The Carcinogenic Substance Inside Kangen Enagic Water Ionizers

There’s a problem with Kangen water ionizers, and Enagic – the company behind the products – is seemingly burying its head in the sand.

To give some context, many people buy a water ionizer to remove deadly contaminants from their tap water. Tyent filters remove and reduce a host of toxic elements, including notorious carcinogens such as Chromium-6.

So, what if you bought a Kangen water ionizer, only to later discover that not only does it provide scant information about the contaminants that its filters actually remove, but that a potentially carcinogenic substance is known to exist at the heart of the Kangen water ionizer itself?

It’s hard to comprehend, but true.

 

The Carcinogenic Substance Inside Kangen Enagic Water Ionizers

 

Fancy Some Bleach with Your Water?

Again, some context is needed.

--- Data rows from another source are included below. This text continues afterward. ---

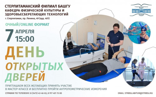 Если у вас нет возможности присутствовать на дне открытых дверей очно, то вы можете посмотреть его онлайн. Прямая трансляция будет проходить в официальной группе Стерлитамакского филиала БашГУ (vk.com/sfbashgu) 7 апреля 2022 г. в 15:00.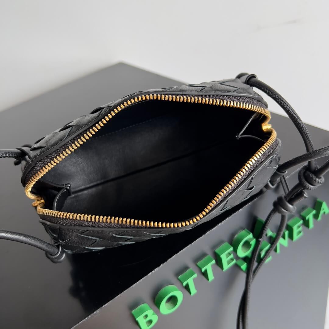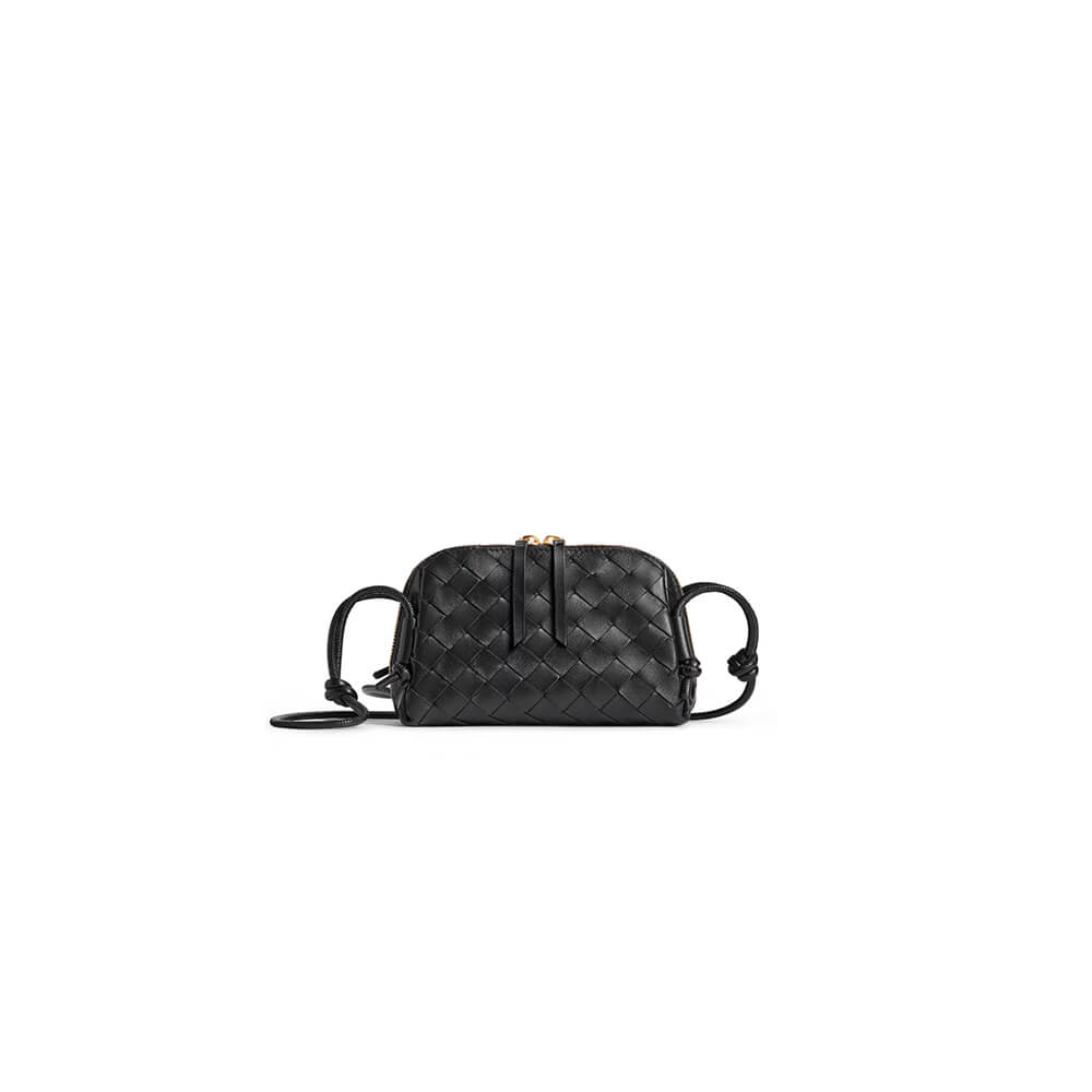Intrecciato nappa leather pouch with adjustable tubular strap.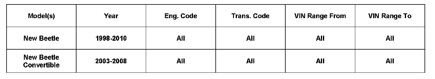 New Beetle may require a factory status instrument cluster when the vehicle receives a new identity, or more than one immobilizer component is replaced.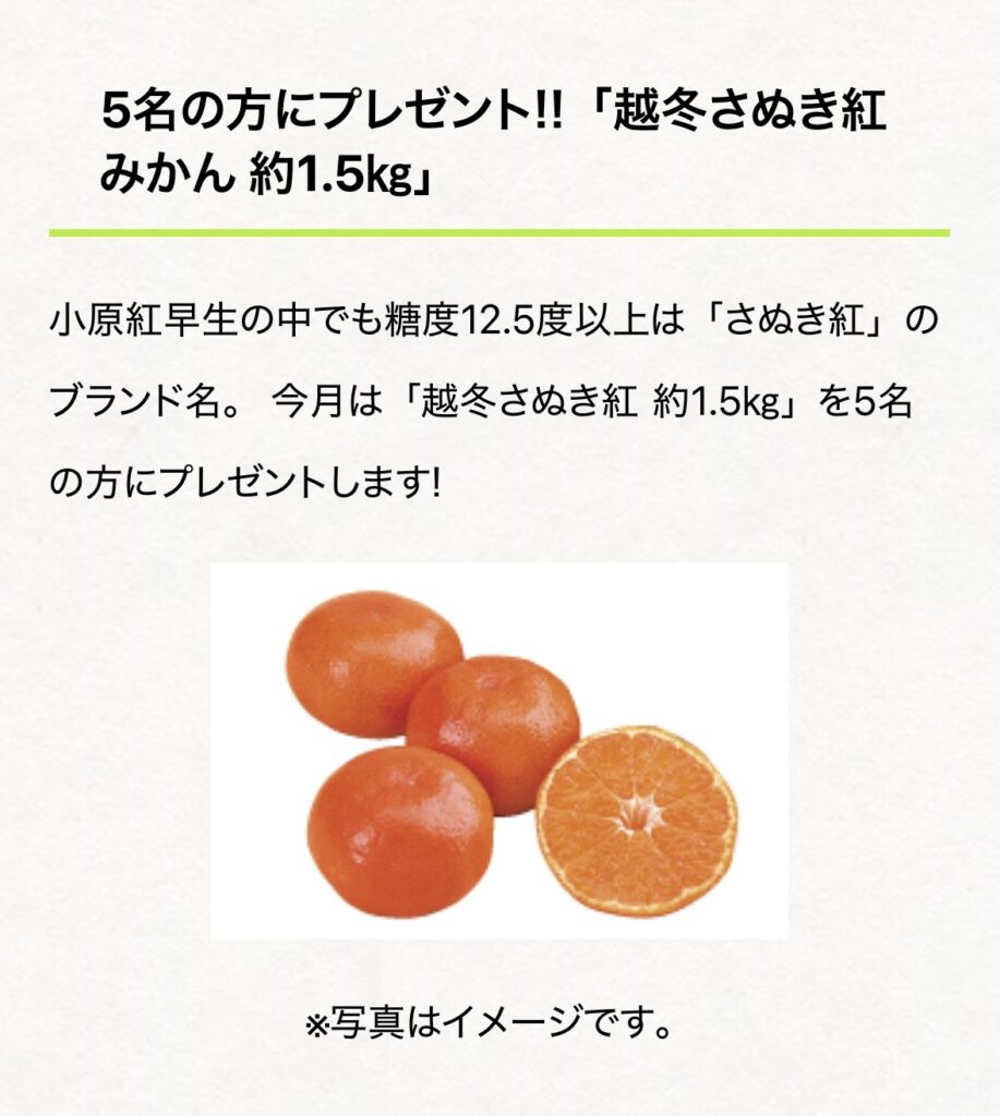 画像出展:JA香川 越冬さぬき紅みかん約1.5kgプレゼントキャンペーン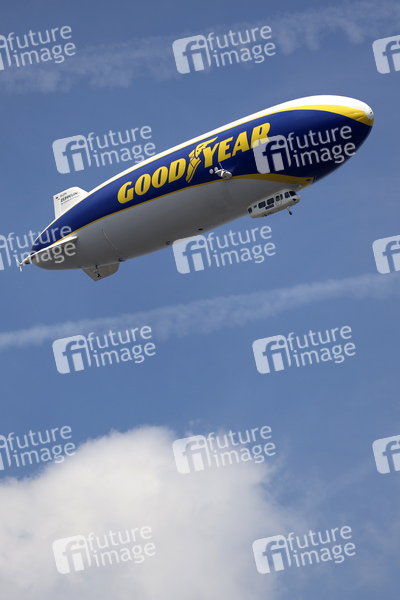 Blimp, Flugerlaubnis, Goodyear Blimp, Goodyear Logo, Goodyear Zeppelin, Goodyear-Zeppelin, Luftbilder, Luftperspektive, Luftraum, Luftschiff, Luftschiffe, Reifenhersteller, Symbolbild, Symbolfoto

Kangen/Enagic has long used ‘Strong Kangen Water’ as a selling point. However, although the size of Kangen plates isn’t a problem as such, the plates are solid – rather than solid/mesh hybrid ones – and there aren’t enough of them. Essentially, Kangen water ionizers lack power and don’t pack the ionization punch needed to produce ‘Strong’ Kangen water.

So, a patch is needed. The patch in this case is the use of an ‘electrolysis enhancer’: sodium hypochlorite. Sound familiar? You might know it better by its household name – bleach. When sodium hypochlorite is subjected to electrolysis, noxious gas is produced that’s unpleasant and potentially toxic.

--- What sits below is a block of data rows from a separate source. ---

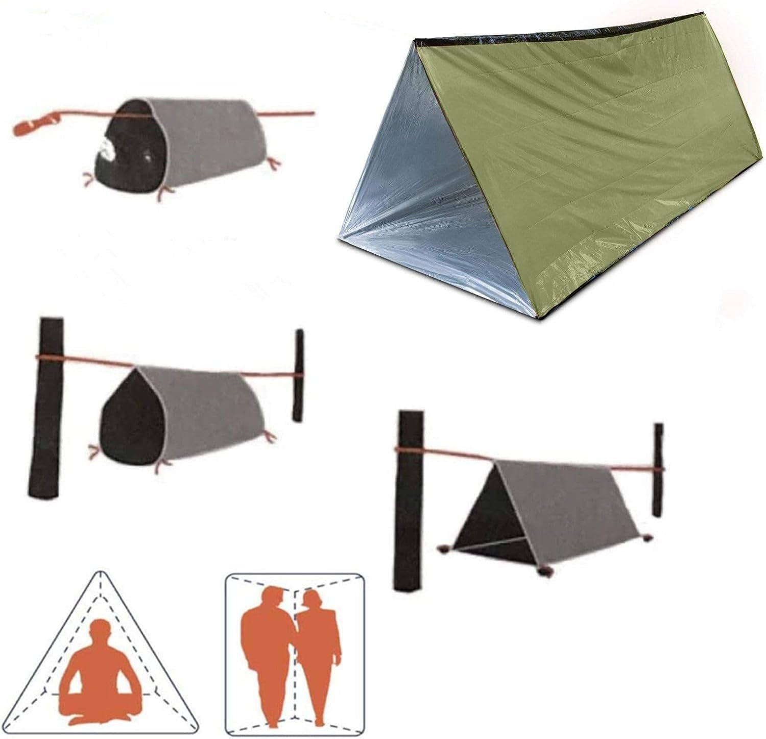 【Package】It come with 59 X 98.4inch 2-person mylar thermal shelter, large size can support full body protection,Practical and convenience, It’s a tube tent that comes with a”rope”/ridge line to run under the top so it will keep its shape. Compact easy to carry in backpack.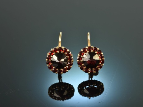 Die hübschen Ohrringe sind mittig mit je einem rund facettierten tiefroten Granaten besetzt, um den vierzehn weitere rund facettierte Granaten rosettenförmig angeordnet sind.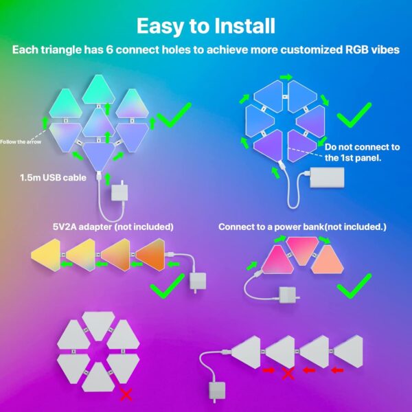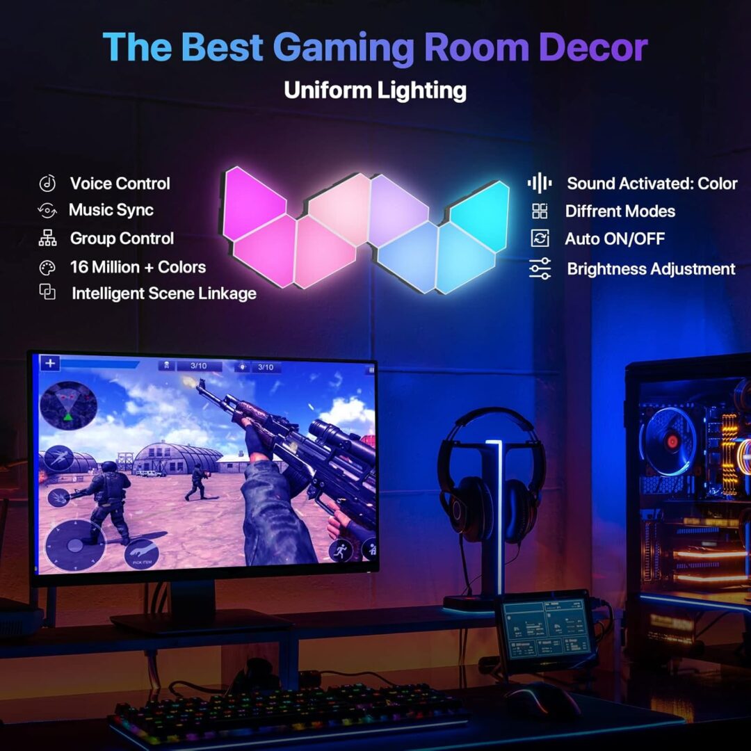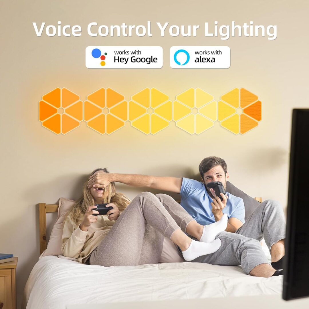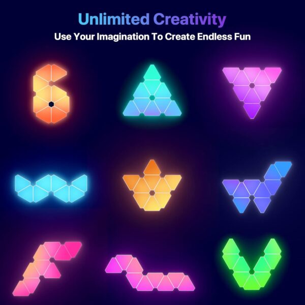 1. DIY Intelligent LED Wall Panel Kit: Design your triangular lighting panel layout or choose from a wide range of recommended designs in the application. Create personalized lighting for your gaming room, living room, bedroom, and more wall decoration scenes.

To its credit, Enagic doesn’t deny this – it’s all right there in the water ionizer literature – but it doesn’t see it as a problem. Enagic’s suggestion to its customers, who obviously don’t want to drink bleach residue on a regular basis, is to flush the water ionizer out after making Strong Kangen Water.

To clarify, both Strong Kangen Water and the regular Kangen drinking water are produced in the same water cell. Kangen customers must flush, flush again, and keep their fingers crossed that all of the hypochlorite residue has been removed.

Why is Kangen Getting This So Wrong?

Enagic is a well-established water ionizer company and has been around for a long time. It’s hard to fathom why it persists in manufacturing under-powered machines that need chemicals to help them function. The water ionizer industry has moved on and Enagic is at risk of looking dated and out of touch with what customers want.

We’re all more aware of the deadly toxins that flow in municipal water around the country, and why water ionizers are the best way of removing them. To sell a water ionizer that requires a potentially harmful chemical in order to function is somehow ironic.

The Future for Enagic?

We must still regard Enagic as a presence in the water ionizer industry and we don’t want to see well-intentioned companies fail.

We want as many people as possible to have access to clean, ionized alkaline water to help support health and wellbeing. There’s room for more than one company committed to producing safe, great quality machines, at a fair price.

But is Enagic pulling out the stops to achieve that right now? We’ll let you decide for yourselves.